RSS allows you to save time by automatically picking out the information from the sites that interest you — in this case, job alerts or any content related to career. Time Atlas lists other benefits of using RSS feeds:
- The feeds work in a variety of feed readers.
- You can read the feed when it suits you.
- You don’t have to give anyone your email address.
- You can unsubscribe.
- They’re free.
As for feed readers, once you download them (for free), they can simply be an icon on your desktop that downloads all the information that you’ve subscribed to. You can read it (the accumulated, downloaded information) at your convenience. There are many feed readers you can choose to install. For example, What Is RSS lists Amphetadesk (Windows, Linux, Mac), FeedReader (Windows), and NewsGator (Windows — integrates with Outlook). The What Is RSS site explains that, “[o]nce you have your feed reader, it is a matter of finding sites that syndicate content and adding their RSS feed to the list of feeds your feed reader checks. Many sites display a small icon with the acronyms RSS, XML, or RDF to let you know a feed is available.”
Alert your inbox
Another way of having job postings (and career-related items) delivered to you is via alerts, for example through Google. By entering a keyword term you can get relevant items in your inbox on a regular basis through a search engine. Here’s an example:
Google - go to Google Alerts and enter the terms in the search query, for example, “administrative assistant, jobs, Toronto” (you can be more specific by entering the name of the company you’re thinking of working at or entering the name of the employment site — like Workopolis — where this job posting may appear). Next you fill out where you want the jobs to come from — blogs, news sites, discussions, etc. — in the result type box. Follow this by specifying how often you want the alert to be delivered, how many results and finally, enter your email address where the results should appear. I use Google Alerts all the time to find articles and news on “career” and “employment” (my search terms), for example.

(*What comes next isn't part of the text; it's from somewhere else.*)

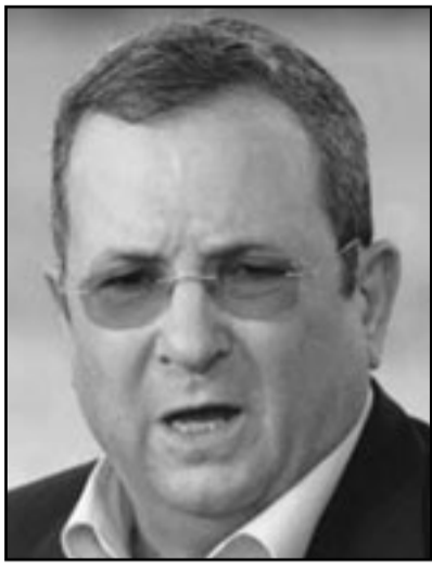
باراك تلقى معاملة ملكية في واشنطن

حاسمة من أعضاء مجلسي الكونغرس. كنتيجة لذلك بدأت مؤخرا الادارة بمحاولة اظهار روح أخرى، وزير الدفاع ايهود باراك تلقى معاملة ملكية في واشنطن، والرئيس اوباما «قف زيارته غير مخطط لها» في أثناء لقاءات باراك مع ممثلي آخرين من الادارة. والى جانب ذلك بدأ تقريبا كل كبار مسؤولي الادارة تكرر شعار "لاسرائيل – الولايات المتحدة، متينة أكثر من اي وقت مضى، تكرار تصريحات التأيد لاسرائيل من جانب ممثلي الادارة هو ظاهرة مباركة، ولكن لشدة الاسف، لا يوجد اي دليل

Most if not all job sites have the alerts option set up — you can subscribe to it as soon as you register for the site and provide your email address. An example of this type of service can be seen at Charity Village, a popular job site for nonprofit and like-minded professionals.
Check out Service Canada’s RSS service to see how you can sign up for free job alerts as soon as they come up in the career area and the city and province of your choice. It’s also important to note that you can get job alerts from specific companies that you target if they have the job alerts option. You can also subscribe to the alerts to simply be able to follow the news about the company that you’re after so that you can be aware of situations such as planned job openings, department cuts and expansions, and so on. If you ever make it to the interview, such insider knowledge will demonstrate how well you’d fit in the company and how diligent you are with your research.